>>>

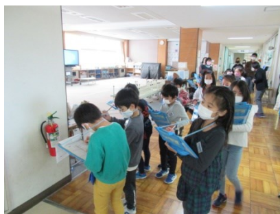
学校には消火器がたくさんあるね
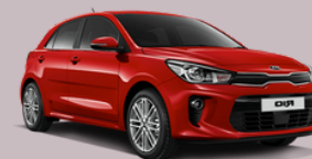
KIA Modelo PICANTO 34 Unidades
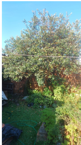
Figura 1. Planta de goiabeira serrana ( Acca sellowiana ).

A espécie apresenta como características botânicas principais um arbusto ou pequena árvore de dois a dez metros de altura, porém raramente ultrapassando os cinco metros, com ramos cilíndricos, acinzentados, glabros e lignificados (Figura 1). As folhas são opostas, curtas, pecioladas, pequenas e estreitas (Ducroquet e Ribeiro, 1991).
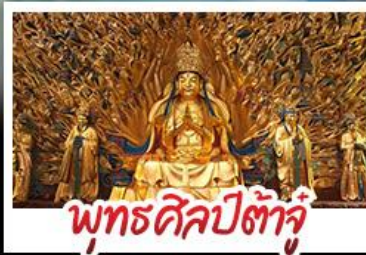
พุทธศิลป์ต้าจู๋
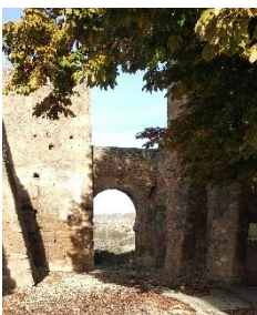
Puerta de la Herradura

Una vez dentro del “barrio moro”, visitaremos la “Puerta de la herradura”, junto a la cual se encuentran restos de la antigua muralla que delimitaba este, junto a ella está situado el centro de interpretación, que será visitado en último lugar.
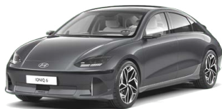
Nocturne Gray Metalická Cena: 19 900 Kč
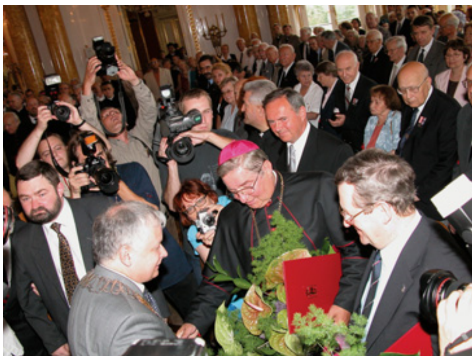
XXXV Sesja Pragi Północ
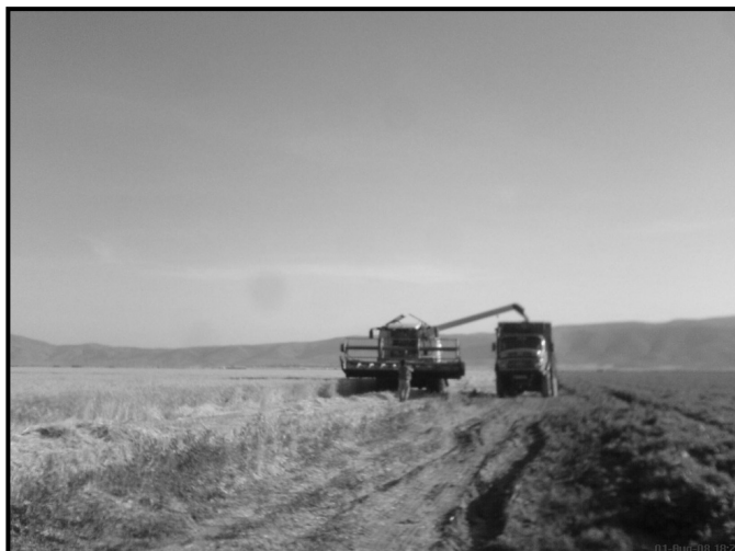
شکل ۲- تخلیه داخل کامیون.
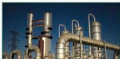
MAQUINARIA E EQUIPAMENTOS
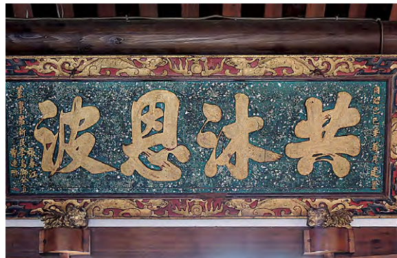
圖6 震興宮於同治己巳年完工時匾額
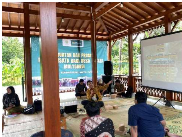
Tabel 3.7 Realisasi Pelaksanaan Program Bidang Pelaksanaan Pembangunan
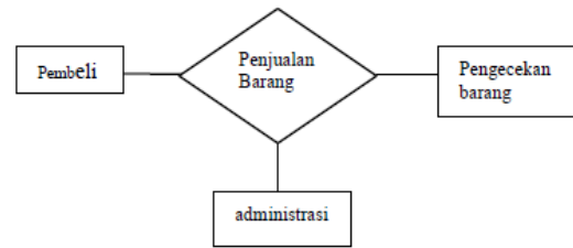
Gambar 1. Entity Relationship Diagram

<<<

Work to complete.
Return the whole listing exactly, minus its pictures.

Response.
学校には消火器がたくさんあるね
KIA Modelo PICANTO 34 Unidades
Figura 1. Planta de goiabeira serrana ( Acca sellowiana ).

A espécie apresenta como características botânicas principais um arbusto ou pequena árvore de dois a dez metros de altura, porém raramente ultrapassando os cinco metros, com ramos cilíndricos, acinzentados, glabros e lignificados (Figura 1). As folhas são opostas, curtas, pecioladas, pequenas e estreitas (Ducroquet e Ribeiro, 1991).
พุทธศิลป์ต้าจู๋
Puerta de la Herradura

Una vez dentro del “barrio moro”, visitaremos la “Puerta de la herradura”, junto a la cual se encuentran restos de la antigua muralla que delimitaba este, junto a ella está situado el centro de interpretación, que será visitado en último lugar.
Nocturne Gray Metalická Cena: 19 900 Kč
XXXV Sesja Pragi Północ
شکل ۲- تخلیه داخل کامیون.
MAQUINARIA E EQUIPAMENTOS
圖6 震興宮於同治己巳年完工時匾額
Tabel 3.7 Realisasi Pelaksanaan Program Bidang Pelaksanaan Pembangunan
Gambar 1. Entity Relationship Diagram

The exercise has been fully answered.